Recently I discussed how most of the time when people refer to a "PR crisis" they simply are referring to an actual crisis, in which an organization has failed in its basic mission and no amount of spin will save the day.
Then there's Netflix. If a genuine PR crisis is one in which an organization's response to its problems actually make the problems worse, than congratulations, Netflix, you have a real PR crisis on your hands. Case in point, your CEO just won't shut up:
Last month, when announcing Qwikster, you apologized for the way Netflix handled its price hikes, writing, “In hindsight I slid into arrogance based upon past success.” But wasn’t introducing Qwikster the way you did the most arrogant move of all?
No, I think it was just a mistake in underestimating the depth of emotional attachment to Netflix. (link)
Really?
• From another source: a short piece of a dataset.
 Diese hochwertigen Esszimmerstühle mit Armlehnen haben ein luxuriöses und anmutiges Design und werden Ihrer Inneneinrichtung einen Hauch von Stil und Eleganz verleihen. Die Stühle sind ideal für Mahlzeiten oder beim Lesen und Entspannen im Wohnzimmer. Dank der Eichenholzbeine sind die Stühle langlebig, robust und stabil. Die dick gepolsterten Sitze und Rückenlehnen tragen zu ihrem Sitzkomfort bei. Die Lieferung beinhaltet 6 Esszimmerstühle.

People were angry and turned your company into a laughingstock because they were too emotionally invested in it? Please. They were angry because a company built on convenience was now going to require them to maintain two separate accounts, with two separate billings, in order to pay more money to get, at best, the exact same level of service. And to boot, you picked a name that screamed "Failed Internet Start-up, Circa 1999."
If Netflix CEO Reed Hastings really believes the problem was his customers "emotional attachment to Netflix," then it could be a long time before this company -- and its plummeting stock -- hit rock bottom.